*Data for processing:*

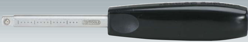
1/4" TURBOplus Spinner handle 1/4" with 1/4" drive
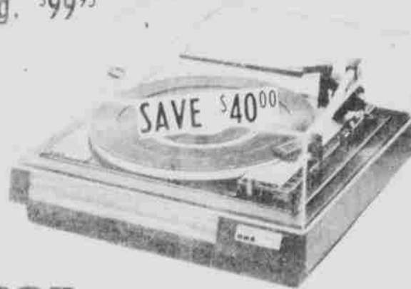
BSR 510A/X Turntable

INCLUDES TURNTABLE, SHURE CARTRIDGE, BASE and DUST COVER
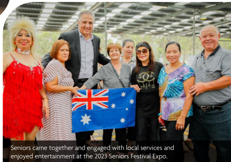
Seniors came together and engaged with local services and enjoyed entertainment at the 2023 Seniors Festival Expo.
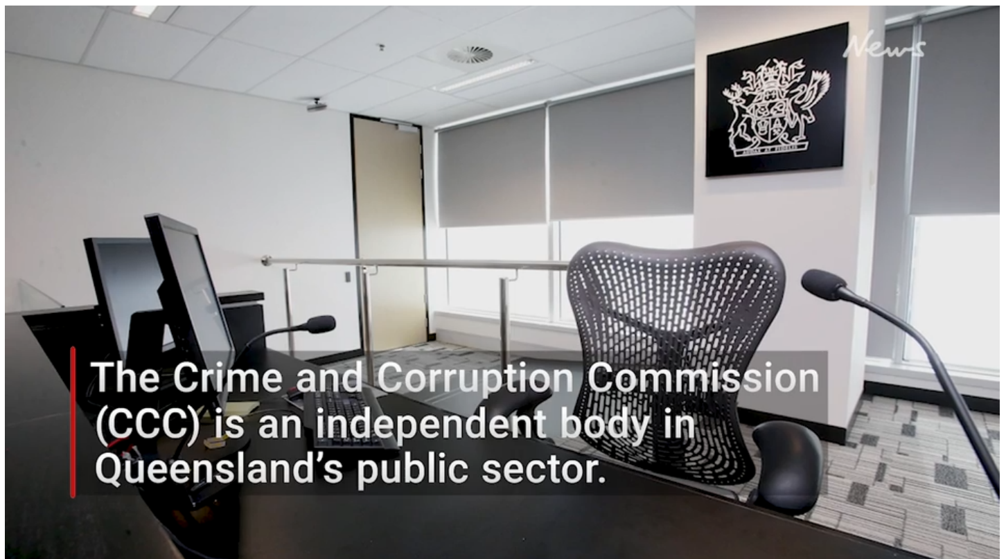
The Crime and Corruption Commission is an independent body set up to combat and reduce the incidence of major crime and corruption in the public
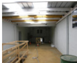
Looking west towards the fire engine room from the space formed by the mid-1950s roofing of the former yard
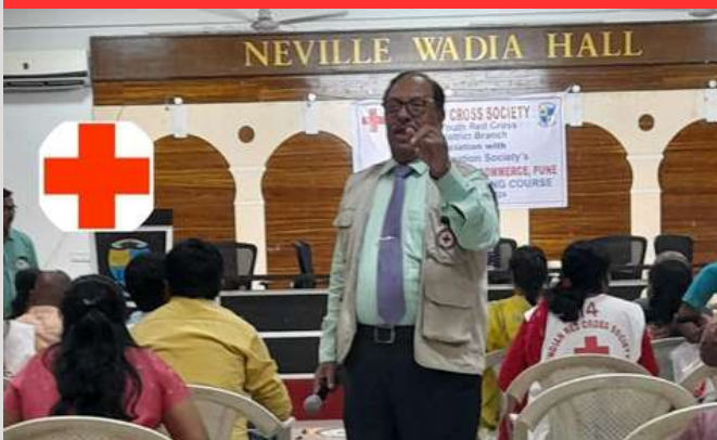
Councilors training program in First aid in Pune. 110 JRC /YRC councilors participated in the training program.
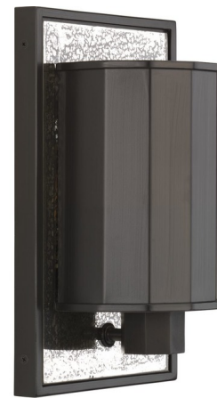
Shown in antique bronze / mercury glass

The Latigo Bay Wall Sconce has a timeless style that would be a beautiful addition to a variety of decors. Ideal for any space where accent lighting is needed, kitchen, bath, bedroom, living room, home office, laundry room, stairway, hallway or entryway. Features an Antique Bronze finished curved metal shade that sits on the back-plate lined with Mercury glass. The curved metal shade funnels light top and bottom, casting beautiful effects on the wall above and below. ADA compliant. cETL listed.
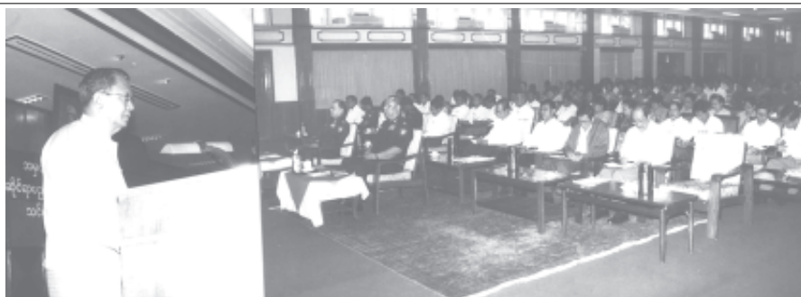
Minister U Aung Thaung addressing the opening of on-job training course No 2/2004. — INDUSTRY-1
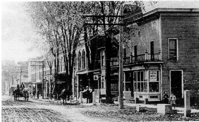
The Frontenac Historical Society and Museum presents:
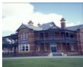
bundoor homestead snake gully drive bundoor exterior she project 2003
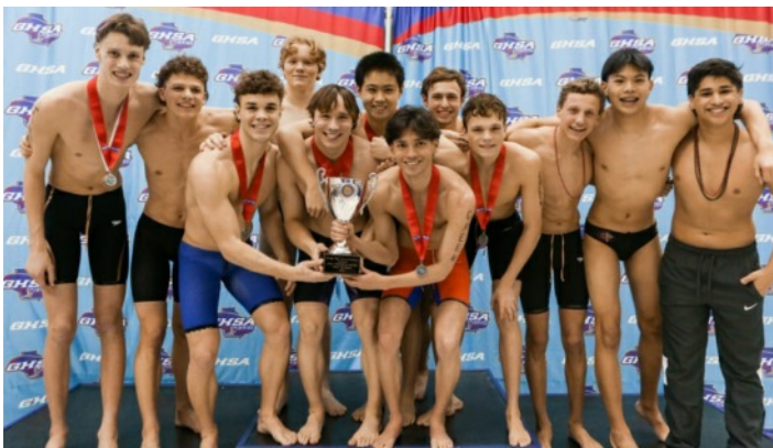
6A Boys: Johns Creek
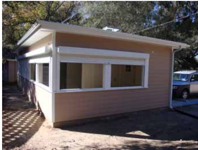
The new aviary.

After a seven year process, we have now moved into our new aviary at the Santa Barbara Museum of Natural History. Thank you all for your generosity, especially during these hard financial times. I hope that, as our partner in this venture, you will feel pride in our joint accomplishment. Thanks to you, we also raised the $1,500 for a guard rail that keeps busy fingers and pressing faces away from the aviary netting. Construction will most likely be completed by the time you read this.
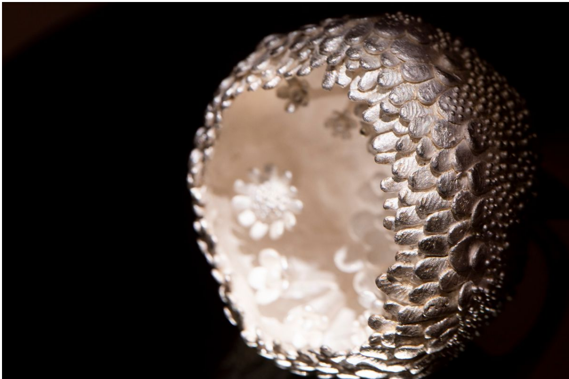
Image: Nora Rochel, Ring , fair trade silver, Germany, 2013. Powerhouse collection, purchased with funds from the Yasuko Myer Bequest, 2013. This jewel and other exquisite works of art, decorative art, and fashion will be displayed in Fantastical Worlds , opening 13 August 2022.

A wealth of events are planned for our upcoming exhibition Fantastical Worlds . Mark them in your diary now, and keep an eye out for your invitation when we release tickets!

*Activity:*
Each line from the beginning of the entries up to and including the one containing "The new aviary." must be restated exactly. Pictures are to be left out.

*Answer below:*
1/4" TURBOplus Spinner handle 1/4" with 1/4" drive
BSR 510A/X Turntable

INCLUDES TURNTABLE, SHURE CARTRIDGE, BASE and DUST COVER
Seniors came together and engaged with local services and enjoyed entertainment at the 2023 Seniors Festival Expo.
The Crime and Corruption Commission is an independent body set up to combat and reduce the incidence of major crime and corruption in the public
Looking west towards the fire engine room from the space formed by the mid-1950s roofing of the former yard
Councilors training program in First aid in Pune. 110 JRC /YRC councilors participated in the training program.
Shown in antique bronze / mercury glass

The Latigo Bay Wall Sconce has a timeless style that would be a beautiful addition to a variety of decors. Ideal for any space where accent lighting is needed, kitchen, bath, bedroom, living room, home office, laundry room, stairway, hallway or entryway. Features an Antique Bronze finished curved metal shade that sits on the back-plate lined with Mercury glass. The curved metal shade funnels light top and bottom, casting beautiful effects on the wall above and below. ADA compliant. cETL listed.
Minister U Aung Thaung addressing the opening of on-job training course No 2/2004. — INDUSTRY-1
The Frontenac Historical Society and Museum presents:
bundoor homestead snake gully drive bundoor exterior she project 2003
6A Boys: Johns Creek
The new aviary.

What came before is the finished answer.